• DIRECTIONS:
Each line from the one containing "Backdooring Self-Supervised Contrastive" to the end of the data must be copied exactly, the first and last included; no other lines and no pictures belong in the copy.

• COLLECTED MATERIAL:
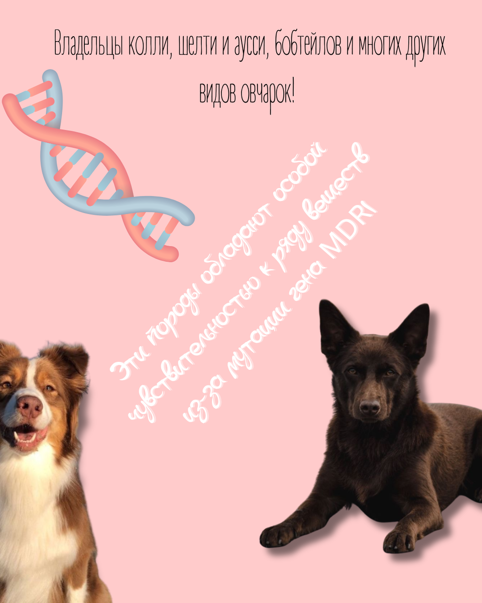 Эти породы обладают особой чувствительностью к ряду веществ из-за мутации гена MDR1 ! Из-за этого многие привычные препараты от эктопаразитов, в том числе капли и таблетки с пиретроидами, могут вызвать у ваших питомцев сильные побочные эффекты. Чтобы защитить вашего любимца, обязательно сделайте тест на мутацию MDR1 — это просто и важно! Анализ крови — самый надежный способ, ведь при взятии мазка изо рта нужно тщательно следить, чтобы собака не пила из чужой миски, не грызла палки, с которыми играли другие собаки, не пила из лужи и не ела траву на улице. Только так можно получить точный результат без ошибок. А вот проверенные и безопасные варианты для защиты от паразитов: Таблетки: Бравекто, Симпарика, Фронтлайн Нексгард (Нексгард Спектра — только под контролем ветеринара!) «НексгарД Спектра ... Щенкам пород собак, чувствительных к макроциклическим лактонам, в том числе колли, бобтейл и шелти, препарат применяют под наблюдением ветеринарного врача.» Капли: Фронтлайн, Фипри
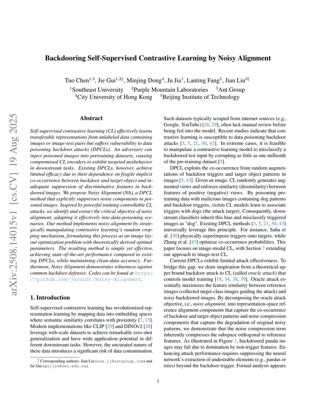 Backdooring Self-Supervised Contrastive Learning by Noisy Alignment
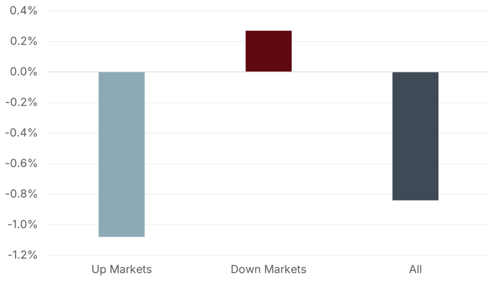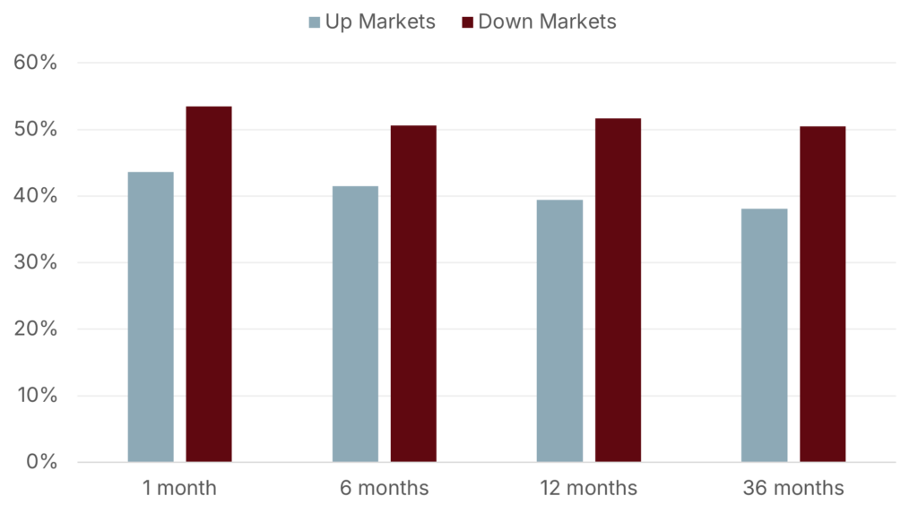 A recent article by The Evidence-Based Investor[1] offers an insightful review of 26 years’ worth of fund performance data to find out if there is any truth to the notion. Jeffrey Ptak of Morningstar[2] found that, sure enough, actively managed US equity funds have historically outperformed in down markets – but only very marginally.

• EXERCISE SOLUTION:
 Backdooring Self-Supervised Contrastive Learning by Noisy Alignment
 A recent article by The Evidence-Based Investor[1] offers an insightful review of 26 years’ worth of fund performance data to find out if there is any truth to the notion. Jeffrey Ptak of Morningstar[2] found that, sure enough, actively managed US equity funds have historically outperformed in down markets – but only very marginally.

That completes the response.